On February 21, 2012, the Company filed a suit for breach of contract, intentional misrepresentation, negligent misrepresentation, fraud, false advertising, and unfair competition with a former consultant. It seeks damages due to their alleged failure to meet the contractual requirements regarding promotions. The defendant has been served. This case will be vigorously prosecuted and has a good likelihood of success. The case seeks in excess of the jurisdictional amount which is $50,000 dollars.
On August 23, 2012, Koss Corporation filed a lawsuit against Max Sound Corporation in the United States District Court for the Eastern District of Wisconsin alleging trademark infringement. Max Sound denies these allegations. On October 26, 2012, Max Sound filed a motion to dismiss the lawsuit pending in the Eastern District of Wisconsin because the court lacks personal jurisdiction over Max Sound in that State. Alternatively, Max Sound requested that the lawsuit be transferred to the United States District Court for the Central District of California. Koss Corporation’s response to this motion is due on November 16, 2012. The district court has not ruled upon the motion and its outcome is presently unknown.

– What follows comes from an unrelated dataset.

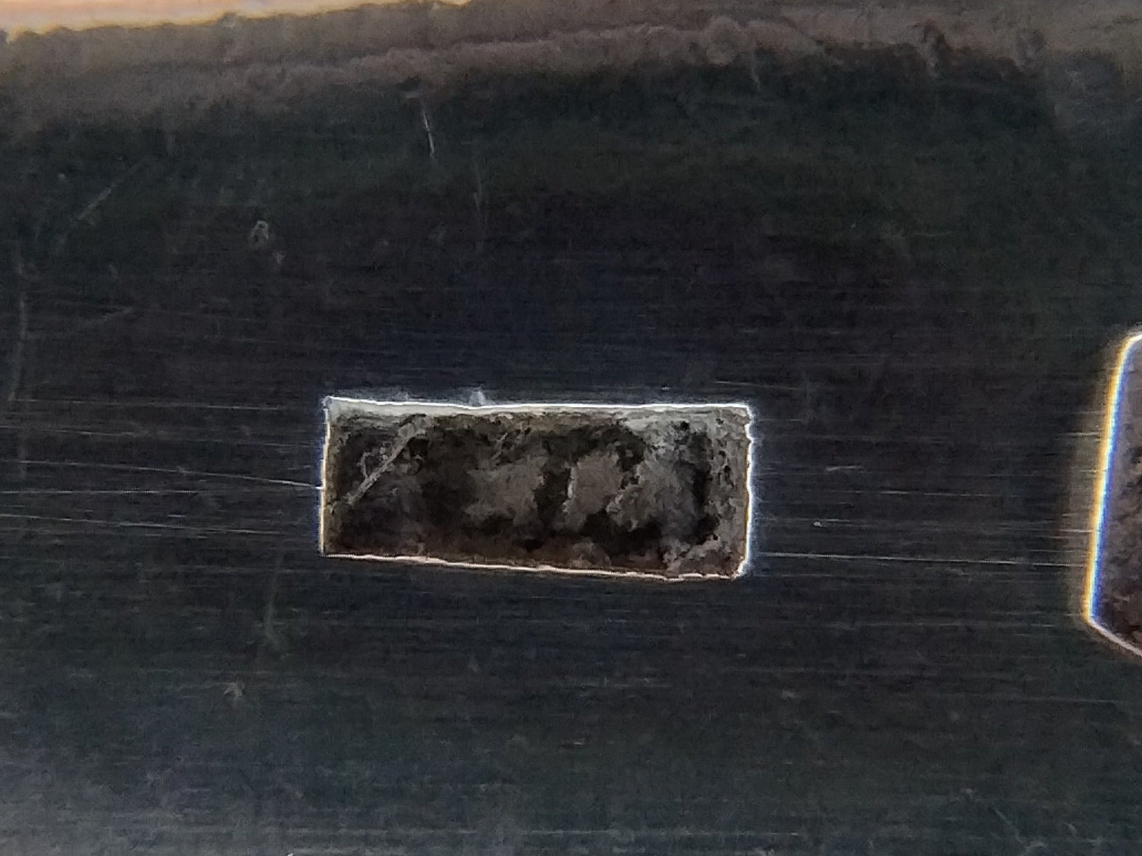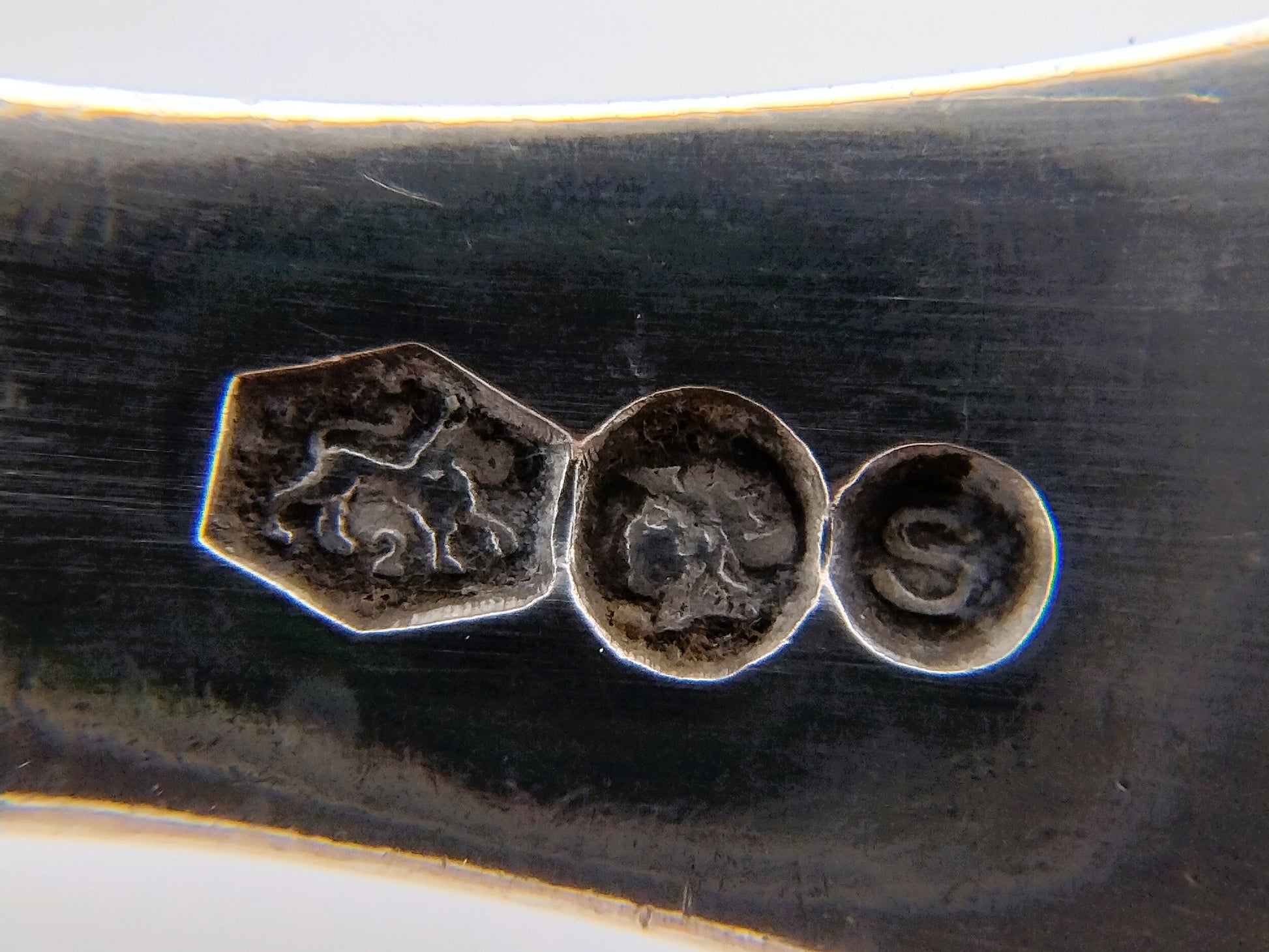 Het schepje is gekeurd met een moeilijk leesbaar meesterkeur W*?, tweede gehaltekeur, minervakopje en jaarletter S voor 1928.

On August 14, 2012, Max Sound Corporation was named as a defendant in an action filed in the Superior Court for the State of California and the County of San Diego. The plaintiff seeks damages for unpaid wages and expenses, loss of ownership in a company, attorney’s fees and punitive damages. Max Sound denies these allegations, denies that Max Sound is a successor in interest to the company for which the plaintiff owned an interest, and denies that it is responsible for the plaintiff's employment contract or alleged damages. Max Sound’s response to the complaint is not yet due. Max Sound will ask the court to dismiss the claims for failure to state a cause of action against Max Sound. As Max Sound's motion has not yet been filed or heard by the court, the outcome of the motion is presently unknown.
No assurance can be given as to the ultimate outcome of these actions or its effect on the Company.
MAX SOUND CORPORATION
NOTES TO CONDENSED FINANCIAL STATEMENTS
AS OF SEPTEMBER 30, 2012
NOTE 11 SUBSEQUENT EVENTS
In preparing these financial statements, the Company has evaluated events and transactions for potential recognition or disclosure as follows:
On October 9, 2012, the Company entered into an agreement whereby the Company will issue up to $62,500 in a convertible note. The note matures on July 11, 2013 and bears an interest rate of 8%. The holder of the note has a right to convert all or any part of the outstanding an unpaid principal amount into shares of common stock after six months. The conversion price equals the “Variable Conversion Price”, which is 65% of the “Market Price”, which is the average of the lowest three (3) trading prices for the common stock during the ten trading day period prior to the conversion.
On October 2, 2012, the Company issued 79,586 shares in common stock for convertible debt.
On October 5, 2012, the Company issued 92,365 shares in common stock for convertible debt.
On October 9, 2012, the Company issued 48,454 shares in common stock for convertible debt.
On October 19, 2012, the Company issued 200,501 shares in common stock for convertible debt.
On November 5, 2012, the Company issued 917,031 shares in common stock for convertible debt.
On October 31, 2012, the Company exchanged an existing note of $333,000 with a current note holder into a new note in the amount of $833,000 resulting in an increase of $500,000. In conjunction with signing the note, the Company received $138,000 in net proceeds.